I find your references to the INSULA to correlate with my own readings on the brain, particularly the right side, which seems to govern the regulation of autonomic processes (such as vasomotor response, fight or flight, heat, cold, exertion-emotion), according to Dr. Bud Craig’s work at the Barrow Neurological Institute. See his presentation to neurological fellows in Sweden, particularly after 35 minutes.
Insula as a starring role is not well appreciated in the heart disease experience, yet I believe it holds the key to why these very body states become so distorted, though we try to regulate the cardiological behavior with “cardiology” targeted drugs. Perhaps because this part of the brain becomes or is dysfunctional and can experience its own downward cascade and become unmanageable as related to heart symptoms.

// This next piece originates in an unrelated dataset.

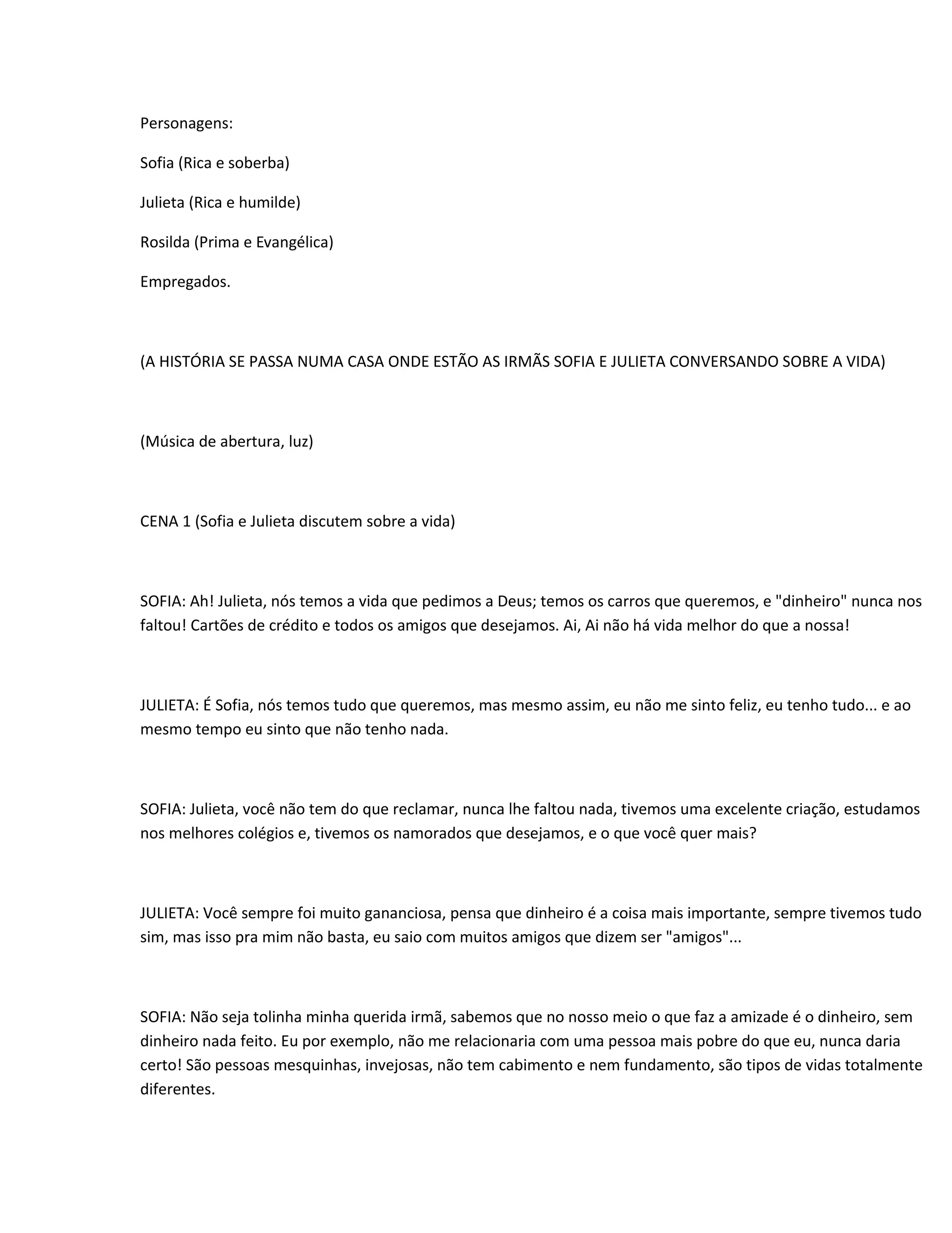 As irmãs Sofia e Julieta discutem suas visões de vida diferentes. Sofia acredita que dinheiro trás felicidade, enquanto Julieta sente um vazio interior apesar das riquezas. Julieta passa a seguir Jesus Cristo e traz sua prima Rosilda, que compartilha sua fé, para ficar com elas, ao descontentamento de Sofia.

The insula is under-appreciated and little is known or agreed upon theoretically, within cardiology or just brain science. Progress is occurring.

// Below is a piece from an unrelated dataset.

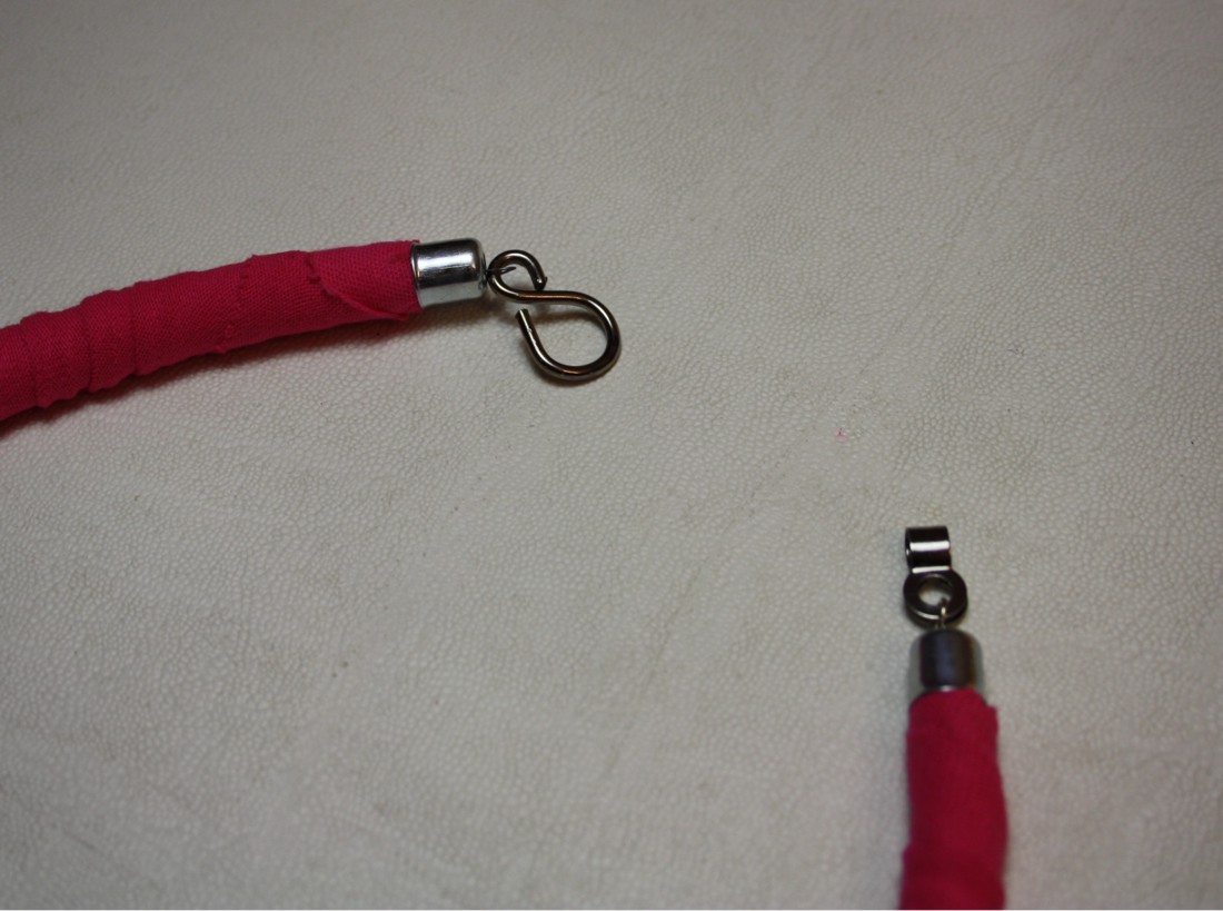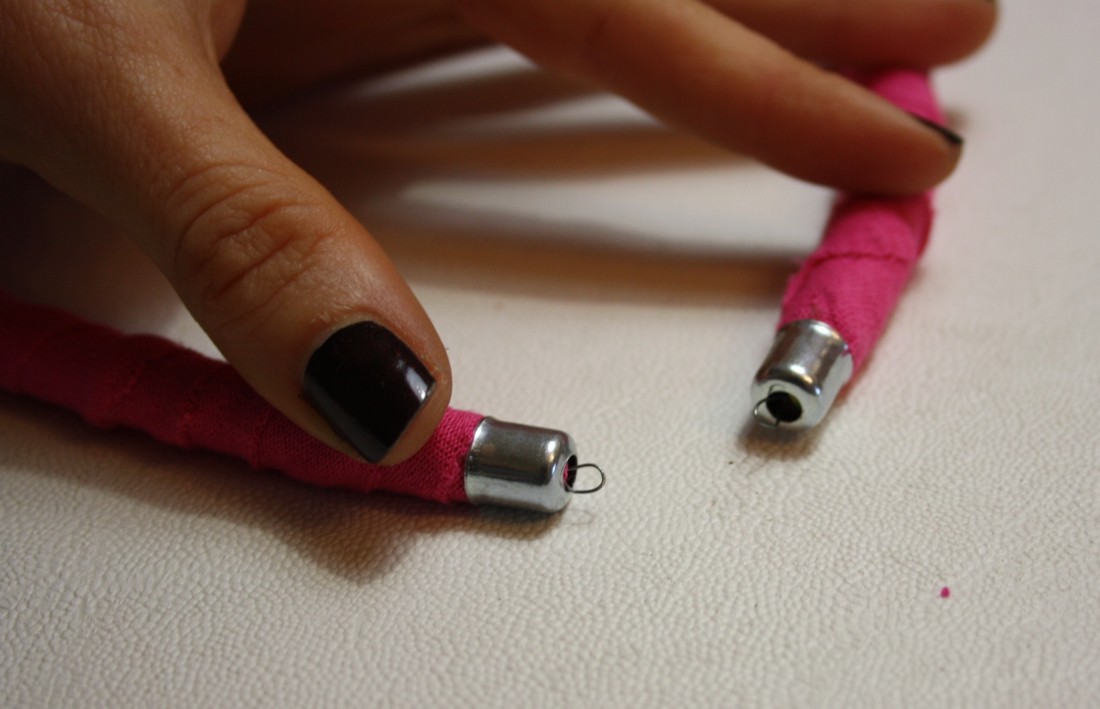 Una volta ricoperto tutto il cavo elettrico, fissare l'ultimo lembo di stoffa con un po' di colla, e anche da questa parte creare una piccola asola con il filo metallico.

Thank you for finding more threads to weave together on a practical basis!
A thoughtful perspective as always, Mary. Even the classic “fight or flight” stress response we’ve all heard about is largely a male reaction, according to a landmark 2009 study published in the journal, Psychological Review.
Until then, scientists generally believed that severe stress triggers a hormonal cascade that revs the body to either stand and fight, or try to flee. But this study suggests that in women, however, the oxytocin released as part of our unique stress response buffers the fight-or-flight response and encourages what’s called a “tend-and-befriend” response to stress.
There well may be these gender differences, but perhaps the outcomes (brain changes) are similar no matter who is experiencing chronic stress.